Hemos ido a la Luna. El Holocausto fue real. El cambio climático está ocurriendo. Las vacunas funcionan. No existen razas inferiores o superiores. La Tierra es redonda. Hechos contrastados y bien documentados, algunos desde hace miles de años. Y, sin embargo, nos encontramos con que millones de personas escuchan y siguen a los nuevos profetas o políticos sin escrúpulos, y aceptan lo que dicen cuando falsean la realidad o simplemente se la inventan, sin cuestionarlos. Si se cuestionan los logros alcanzados por la ciencia, que posee los estándares de rigor más elevados, todo puede ser cuestionado como si se tratara de opiniones subjetivas o conspiraciones.
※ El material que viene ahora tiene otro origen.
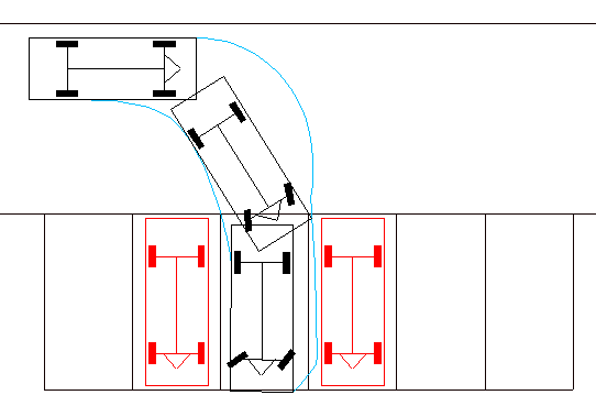 Het rekenprogramma voert indien nodig correcties uit op de minimale straal die het voertuig rijdt en stuurtijden op basis van de minimale draaicirkel van het voertuig, dwarsversnelling en de te maken bocht (hoekverdraaiing).
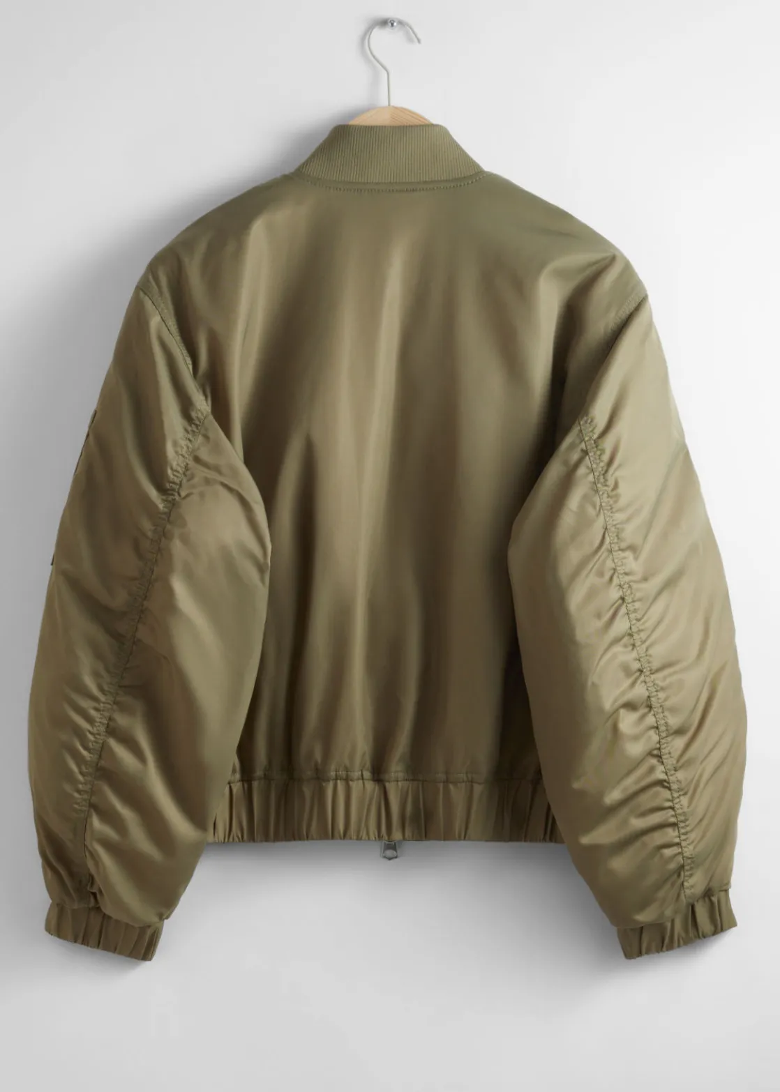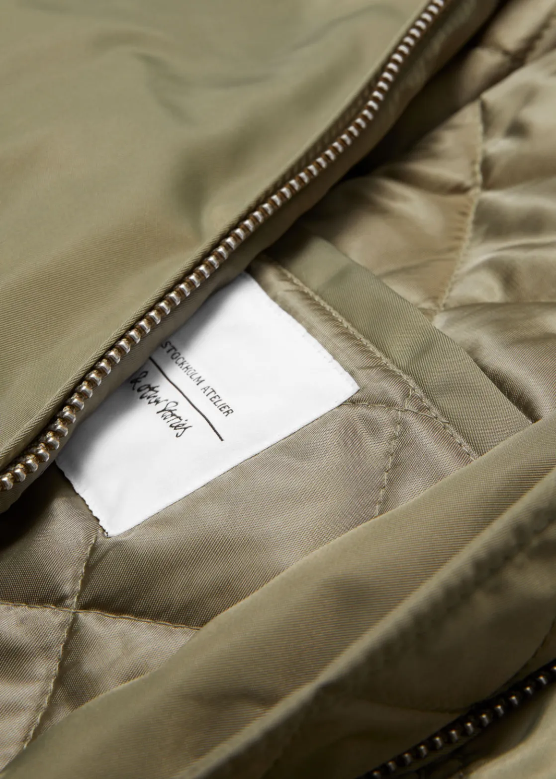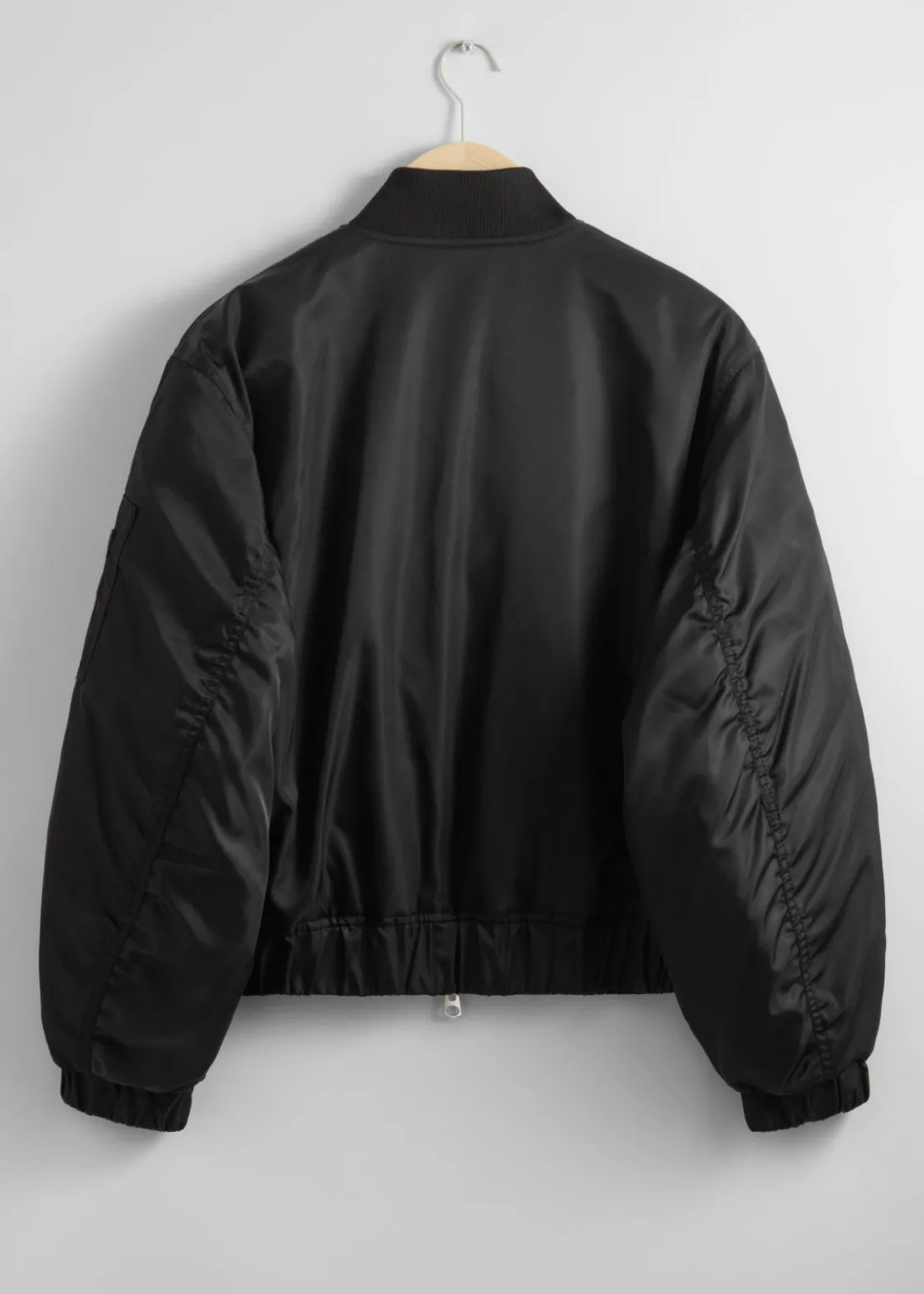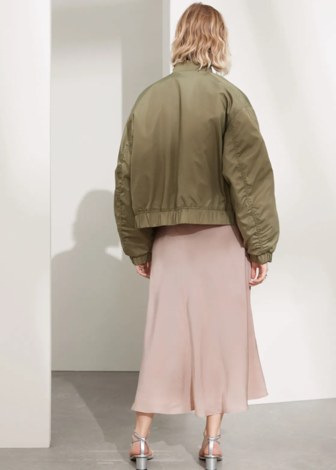 Boxy jacket detailed with duo zip-pockets and fastened with a two-way zipper.

Necesitamos cambiar la dinámica que nos ha traído hasta aquí. ¿Qué lo hace tan difícil? Las carencias de nuestro sistema, tanto en el ámbito de la educación en el pensamiento crítico como en la pérdida del espacio de debate en el que las ideas se enfrentan de forma razonada. Pero quizá el gran reto sea el odio. La filósofa Carolin Emcke lo plantea al principio de su libro Contra el odio (Taurus, 2017):

A veces me pregunto si debería envidiarles. A veces me pregunto cómo son capaces de algo así. Cómo pueden estar tan seguros. Porque los que odian deben sentir esto: seguridad. [...] Si se duda del odio, no es posible odiar.

El odio se va apoderando del espacio de la razón, convirtiendo el problema de la polarización en una verdadera pesadilla. Ya no se trata de que los por un lado no deseen saber lo que piensan los de otro. Formar parte de un grupo, en la dinámica impulsada por la desinformación, implica odiar al otro. Y nada mejor para quedar atrapados en esa lógica que llegar al odio mediante la seguridad que proporciona creerse al portador de la verdad.

Ricard Solé es físico, profesor investigador ICREA y director del Laboratorio de Sistemas Complejos del PRBB, UPF. Este artículo se ha publicado en castellano en el número 66 de la revista La Maleta de Portbou.